• **The task**
From the listing below, please restate exactly the lines beginning at the one with "Your new ‘go-to’" and ending at the one with "Изысканный комплимент в", both included, and skip the pictures.

• **Material provided**
* * *
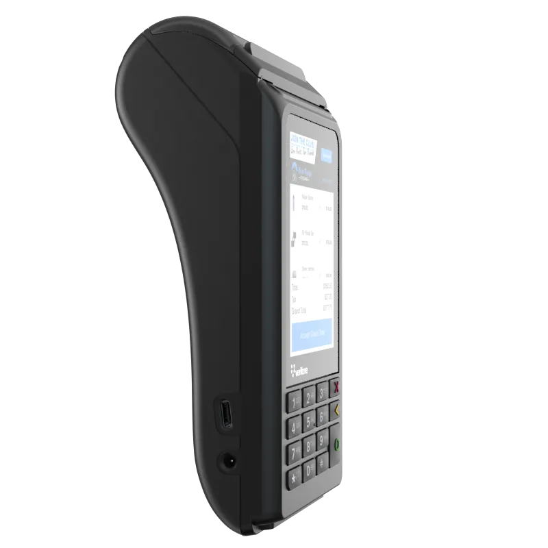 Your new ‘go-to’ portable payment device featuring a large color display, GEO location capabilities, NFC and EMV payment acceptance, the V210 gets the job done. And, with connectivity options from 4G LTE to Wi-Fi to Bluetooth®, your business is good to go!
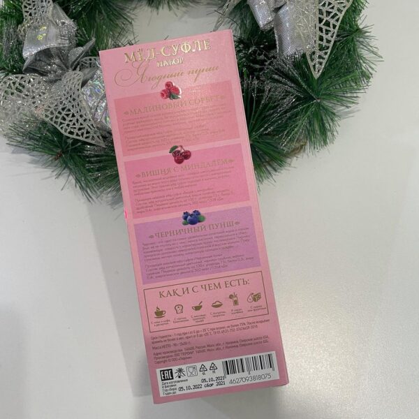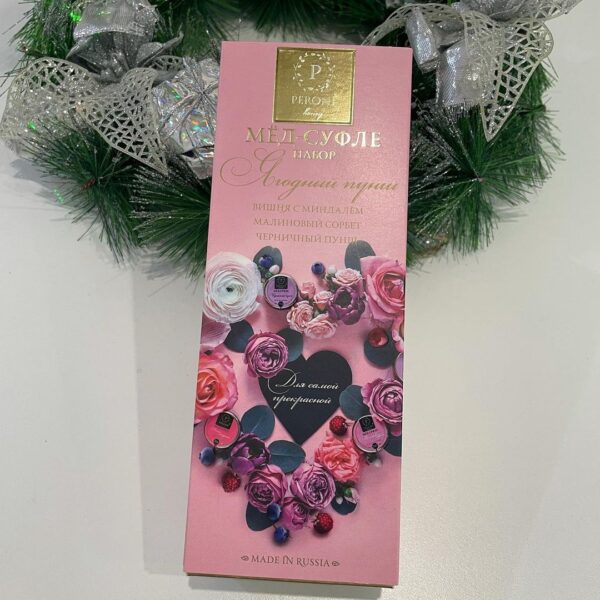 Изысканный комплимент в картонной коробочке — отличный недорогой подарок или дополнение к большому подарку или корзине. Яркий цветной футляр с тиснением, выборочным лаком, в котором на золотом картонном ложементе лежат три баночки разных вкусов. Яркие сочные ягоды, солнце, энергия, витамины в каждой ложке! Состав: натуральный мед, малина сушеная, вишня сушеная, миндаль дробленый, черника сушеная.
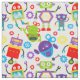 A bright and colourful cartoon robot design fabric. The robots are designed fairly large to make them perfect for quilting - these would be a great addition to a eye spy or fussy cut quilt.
* * *
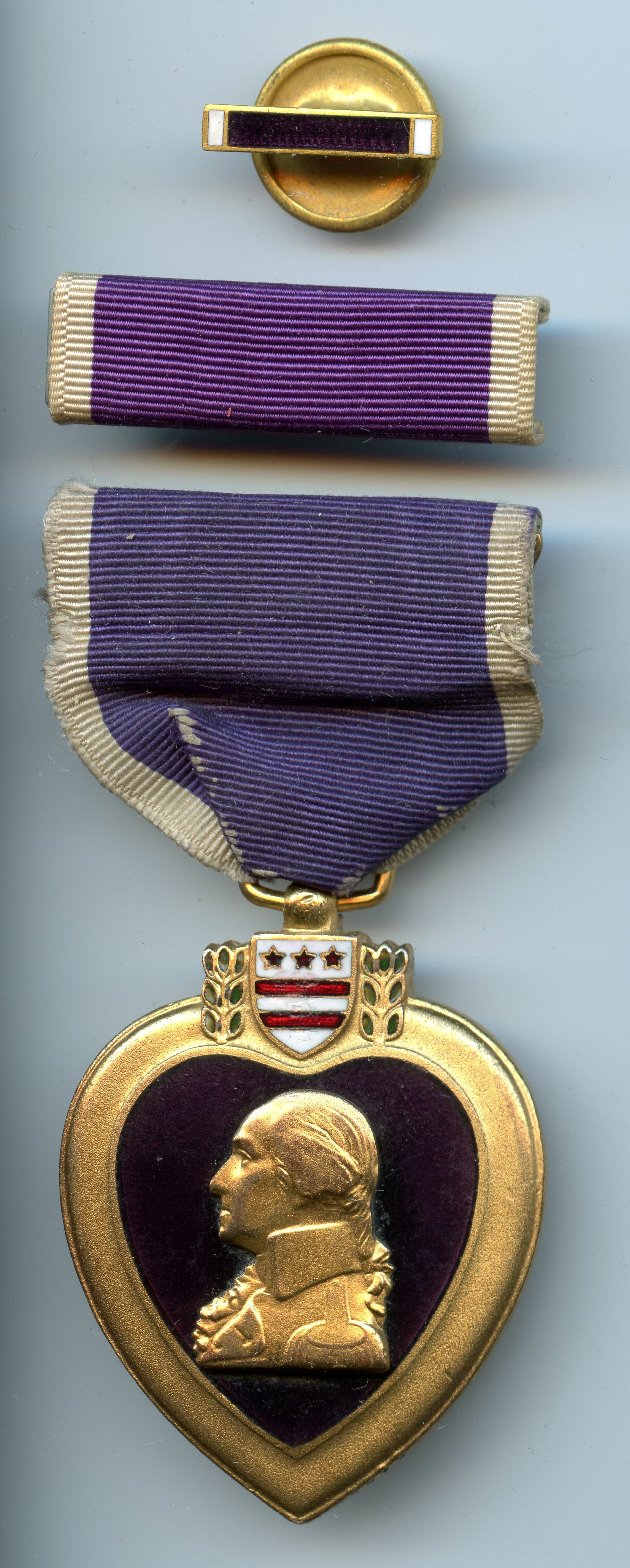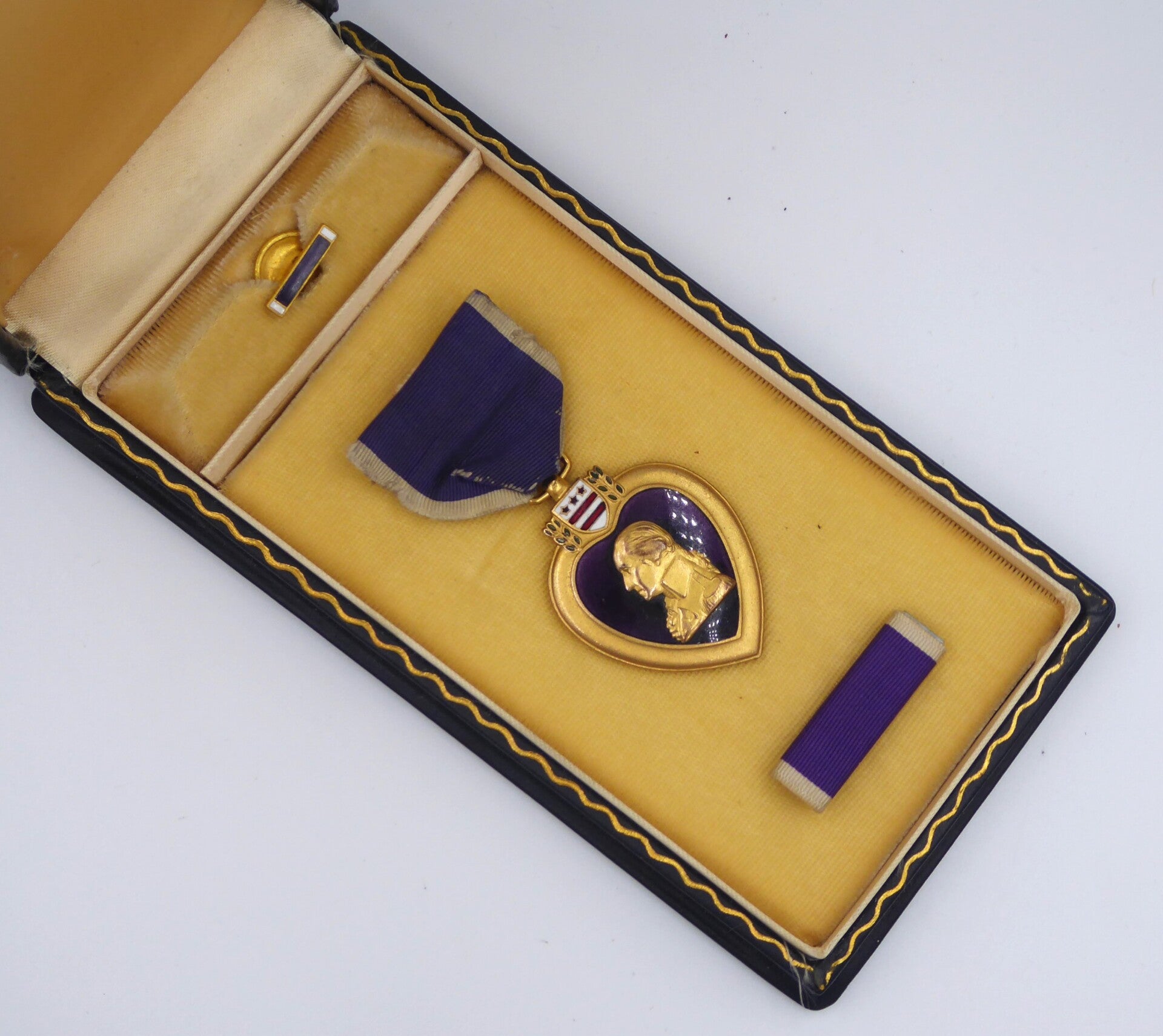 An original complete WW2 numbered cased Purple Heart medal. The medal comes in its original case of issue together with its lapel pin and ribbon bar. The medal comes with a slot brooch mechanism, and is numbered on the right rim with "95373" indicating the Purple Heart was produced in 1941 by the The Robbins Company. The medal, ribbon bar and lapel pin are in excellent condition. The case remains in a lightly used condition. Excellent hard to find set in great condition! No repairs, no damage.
* * *
• **Output for this task**
 Your new ‘go-to’ portable payment device featuring a large color display, GEO location capabilities, NFC and EMV payment acceptance, the V210 gets the job done. And, with connectivity options from 4G LTE to Wi-Fi to Bluetooth®, your business is good to go!
 Изысканный комплимент в картонной коробочке — отличный недорогой подарок или дополнение к большому подарку или корзине. Яркий цветной футляр с тиснением, выборочным лаком, в котором на золотом картонном ложементе лежат три баночки разных вкусов. Яркие сочные ягоды, солнце, энергия, витамины в каждой ложке! Состав: натуральный мед, малина сушеная, вишня сушеная, миндаль дробленый, черника сушеная.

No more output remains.